Transcribe the full listing without changing a word, and omit its pictures.
======== Data shown ========
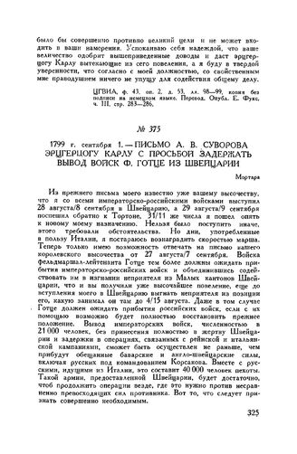 Письмо А.В. Суворова эрцгерцогу Карлу с просьбой задержать вывод войск Ф. Готце из Швейцарии. Мортара. 1799 г. сентября 1 // ЦГВИА, ф. 43, оп. 2, д. 72, лл. 38-39, копия без подписи на немецком языке. Перевод. Опубл. Е. Фукс, ч. III, стр. 282-283.
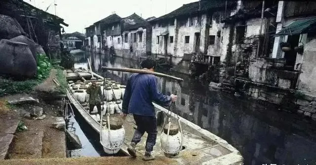 图上这活儿叫挑坛上船,穿蓝布衣的师傅一肩一担,坛子用稻草绳缠得紧紧,走跳板不响一声,小时候我跟着外公去打花雕,打回家一开塞,屋里立刻有股甜香味,做菜只需一小勺,味道就立住了。
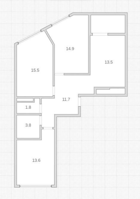 • Площадь кухни 15.5 м2
========
- _Answer to the problem_
 Письмо А.В. Суворова эрцгерцогу Карлу с просьбой задержать вывод войск Ф. Готце из Швейцарии. Мортара. 1799 г. сентября 1 // ЦГВИА, ф. 43, оп. 2, д. 72, лл. 38-39, копия без подписи на немецком языке. Перевод. Опубл. Е. Фукс, ч. III, стр. 282-283.
 图上这活儿叫挑坛上船,穿蓝布衣的师傅一肩一担,坛子用稻草绳缠得紧紧,走跳板不响一声,小时候我跟着外公去打花雕,打回家一开塞,屋里立刻有股甜香味,做菜只需一小勺,味道就立住了。
 • Площадь кухни 15.5 м2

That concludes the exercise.